Indem der Gelehrte seine eigenen Akte des Transzendierens mit den schöpferischen Handlungen anderer (Gelehrter oder Künstler) vergleicht, kann er sein Prinzip der Verbindung mit dem Absoluten, das zeitlos, ewig ist, entdecken und dadurch in einer bestimmten Etappe seines Lebensweges dahin gelangen, dass sein „Ich“ verschwindet, und daß dann durch ihn das absolute Wissen zu reflektieren beginnt.
– Das Prinzip der Offenheit des Systems der WL.
Obwohl das Prinzip des Transzendierens, das der (ideale) Gelehrte im Laufe seines ganzen Lebens verwirklicht, einen absoluten, zeitlosen Charakter trägt, soll dieses - laut Fichte - keine Norm für andere bilden. Das Absolute stellt die Unendlichkeit solcher Prinzipien des Lebensaufbaus dar, und deshalb bietet sich die Möglichkeit für neue unvergängliche Konstruktionen in alle Ewigkeit, und in diesem Plan steht der Raum für die Suche nach dem Lebensprinzip allen offen.

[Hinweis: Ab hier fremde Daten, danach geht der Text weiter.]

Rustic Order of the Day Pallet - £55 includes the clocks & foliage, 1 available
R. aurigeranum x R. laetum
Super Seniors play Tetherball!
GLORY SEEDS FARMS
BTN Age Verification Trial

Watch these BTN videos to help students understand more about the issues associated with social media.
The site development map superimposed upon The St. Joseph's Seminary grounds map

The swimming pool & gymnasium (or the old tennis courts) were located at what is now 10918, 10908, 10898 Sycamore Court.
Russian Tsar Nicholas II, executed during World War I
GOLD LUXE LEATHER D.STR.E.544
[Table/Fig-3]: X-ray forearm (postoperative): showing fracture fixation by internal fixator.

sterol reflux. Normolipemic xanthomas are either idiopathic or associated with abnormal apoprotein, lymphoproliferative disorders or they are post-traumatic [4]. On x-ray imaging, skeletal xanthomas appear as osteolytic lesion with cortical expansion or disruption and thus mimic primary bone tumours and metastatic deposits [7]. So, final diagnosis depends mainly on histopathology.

Im Unterschied zu J.G.Fichte, hat Hegel die Idee des Absoluten in einen normativen Begriff umgewandelt und dadurch die Möglichkeit der freien, unendlichen Suche ausgeschlossen.

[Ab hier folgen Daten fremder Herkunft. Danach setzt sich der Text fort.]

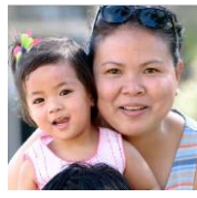
People from CALD backgrounds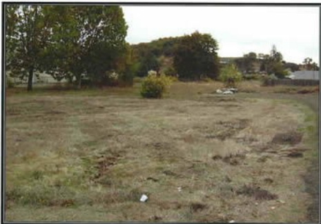
Southerly view of the subject property from Ward Street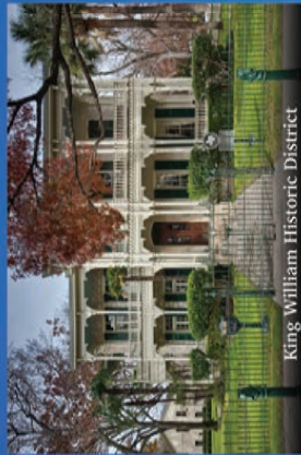
King William Historic District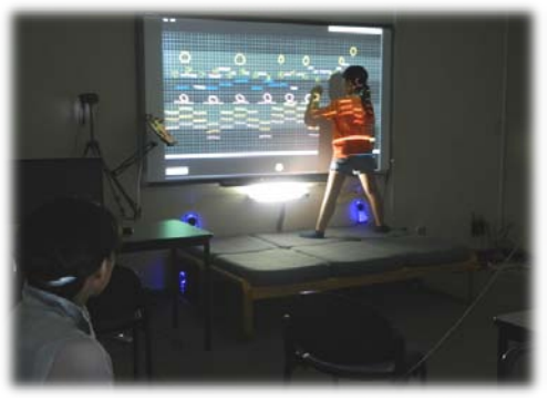
figure 4: Vuzik user evaluation in progress.

We are currently undergoing a user evaluation with 16 or more school children of grades 4-6 for investigating Vuzik 's ability to facilitate music composition for children (See figure 4). The evaluation incorporates a between-subjects comparison of Vuzik and Hyperscore with the goal of understanding the strengths and weaknesses of the former and how it compares or contrasts to similarly motivated interfaces. Over two sessions, subjects will learn the interface, explore example compositions, complete a composition which has beginning and ending provided, receive brief training in composition on the interface, complete a composition by adding melody to a provided accompaniment, and finally compose their own music.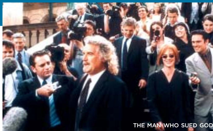
THE MAN WHO SUED GOD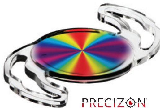
PRECIZON Aspheric Toric IOL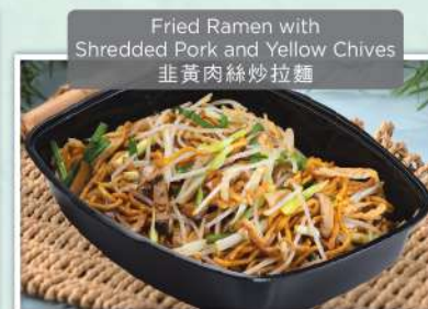
Fried Ramen with Shredded Pork and Yellow Chives 韭黃肉絲炒拉麵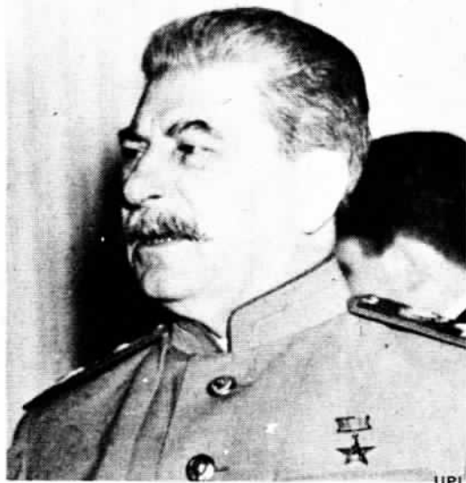
Stalin: some differences in strategy.

The CPC was born at its first national congress in Shanghai, July 1, 1921. "Let us thank the great Lenin," the CPC declared in its 50th anniversary history. "The 1917 Russian October Socialist Revolution led by him brought the Chinese people Marxism-Leninism." But on some occasions during China's revolutionary struggle,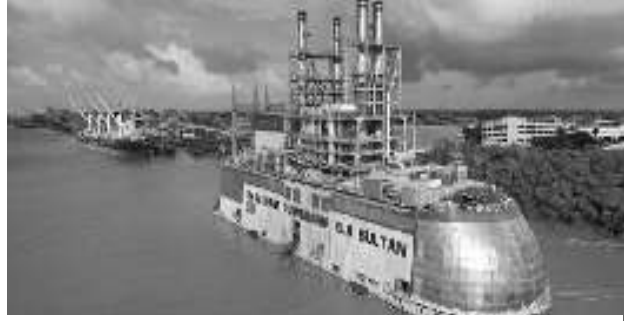
At approximately 1545 hrs on Monday, December 23, 2024, 60 Megawatts (MWs) of Generation was been added to the grid.

President Dr. Irfaan Ali has delivered a stern warning to the management of Guyana Prime Minister Brigadier (Ret'd) Mark Phillips, who visited the newly activated

Er hat – sozusagen – die Geschichte beendet, indem er die Reihe der anthropologischen Programme, welche die anderen Leute erlebt haben, übernommen und ihnen, diese Programme logisierend, die absolute (ausbildungs-ontologische) Norm gegeben. Von diesem Standpunkt hat er unterlassen, wozu Fichte aufrief: jeder Mensch, wenn er nur will, darf bis zum Absoluten hinstreben und so seinen eigenen, einzigartigen Weg der Bewegung in die Welt der ewigen Prinzipien und der Ideen finden. Aber es gibt keine Garantie, dass dieser Versuch, den einheitlichen Grund des Transzendierens aufzubauen, gelingen wird.
8.
Dieser Bericht ist die Frucht der kollektiven Erörterungen einer Forscher-Gruppe – der Gruppe der Methodologen, die in der Moskauer methodologischen Korporation unter Leitung meines Bruders, des Professors der Psychologie J.V.Gromyko, arbeitet. In ihm kommt zum Ausdruck, wie wir das Entstehen unserer Gruppe und die Besonderheiten unseres eigenen Weges verstehen, wozu als wichtiges Element gehört, daß wir uns als Forscher auf Fichtes Philosophie rückbeziehen.